The listing says furnished. You picture moving in with two suitcases and starting your life. Or it says unfurnished, and you assume that means closets and a stove are already there, the way unfurnished works almost everywhere else. Both pictures can be wrong here, and finding out on moving day, standing in an empty room with no fridge and a bare wire where a ceiling light should hang, is an expensive surprise. This page settles the two words for good: what each one actually includes, what it leaves out, who fixes the things that break, and, with the numbers worked out, which choice costs you less over a real lease.

This is the definition page for furnished against unfurnished. It does not re-explain the rent levels, the deposit cap, the broker fee, or who repairs the building itself, because each of those has its own owner page linked where it matters. What lives here, and only here, is the meaning of the two words, the appliance and inventory detail, and the side-by-side money.

The three tiers, not two

There are really three states a flat comes in, and the gap between them is large. Renters lose money by assuming two when there are three.

  • Unfurnished (bare). The local standard is the walls and little else. No fridge, no oven, no washing machine or dryer, no furniture, and often not even ceiling light fixtures. You walk in to empty rooms and bare bulb wires. This is the most common state of long-term stock.
  • Partly (partially) furnished. The middle ground. It usually means the kitchen appliances stay (commonly the fridge, sometimes the oven and washing machine) while the furniture is yours to bring. Always confirm exactly which appliances, by name, because no two landlords mean the same thing.
  • Furnished (full). Lived-in ready. Beds, sofa, dining table and chairs, wardrobes, and the essential appliances, usually including a fridge and washing machine, plus basic household items. You can move in with clothes and a kettle.

One number frames the whole decision: roughly 70% to 75% of long-term tenants here rent unfurnished, because Israelis tend to own their furniture and move it from flat to flat. Furnished stock is aimed at a narrower group: people here for under a year, students, those on a work posting, and new arrivals waiting for a shipping container of their own things to land. If you are settling for years, you are shopping mostly in the unfurnished pool, whether you wanted to or not.

What “unfurnished” leaves out (it is more than you expect)
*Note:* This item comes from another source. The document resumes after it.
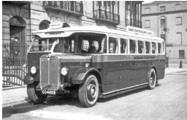
Samuelsons A.E.C. Regal GO 4019 (later Red & White 9) with Scammell & Nephew C30D bodywork before sale to Red & White in 1932.

Treat unfurnished as empty until the lease proves otherwise. The thing that trips up newcomers from North America and Europe is that “unfurnished” there still includes built-in kitchen appliances and fitted closets. Here it frequently does not. Plan for the bare case and be pleasantly surprised, never the reverse.

What is commonly absent in a true bare unit:

  • Refrigerator, oven, cooktop, microwave.
  • Washing machine and dryer.
  • Free-standing and built-in furniture, including bedroom wardrobes.
  • Ceiling light fixtures (you may find bare bulb wires hanging from the ceiling), and window curtains or blinds.

The one frequent exception is air conditioning. Many bare flats keep their wall or mini-split units (mezugan) in place even when nothing else stays, because the unit is fixed to the wall. Do not assume it works, and do not assume it is included just because it is hanging there. Make air conditioning the single item you test during the viewing and the single item you name and describe in the lease, with its condition noted. A dead unit you discover in July is a fight you do not want.

Appliances: included or excluded, item by item

Nothing is included by default; an appliance counts only if the lease names it. Because the tiers blur, the only safe approach is to go down the kitchen and utility list one item at a time and get each marked “stays” or “goes” in writing. Use this as your viewing checklist.

Appliance Bare unfurnished Partly furnished Fully furnished Verify by name in the lease?
Refrigerator Usually no Often yes Usually yes Yes
Oven and cooktop Often no Sometimes Usually yes Yes
Washing machine Usually no Sometimes Often yes Yes
Tumble dryer Rarely Rarely Sometimes Yes
Dishwasher Rarely Rarely Sometimes Yes
Microwave No Sometimes Often Yes
Air conditioner (wall or mini-split) Often present (fixed) Usually present Usually present Yes, and test it
Ceiling light fixtures Often no (bare wires) Sometimes Usually yes Yes
Solar water heater (dud shemesh) Yes (building fixture) Yes Yes Note its condition

The solar water heater and the air conditioner sit on the line between “furnishing” and “part of the flat,” which matters for repairs (covered below). A free-standing fridge the landlord leaves behind is a furnishing; the dud shemesh on the roof is part of the building. The repair rules differ for the two, so it is worth knowing which is which before something breaks.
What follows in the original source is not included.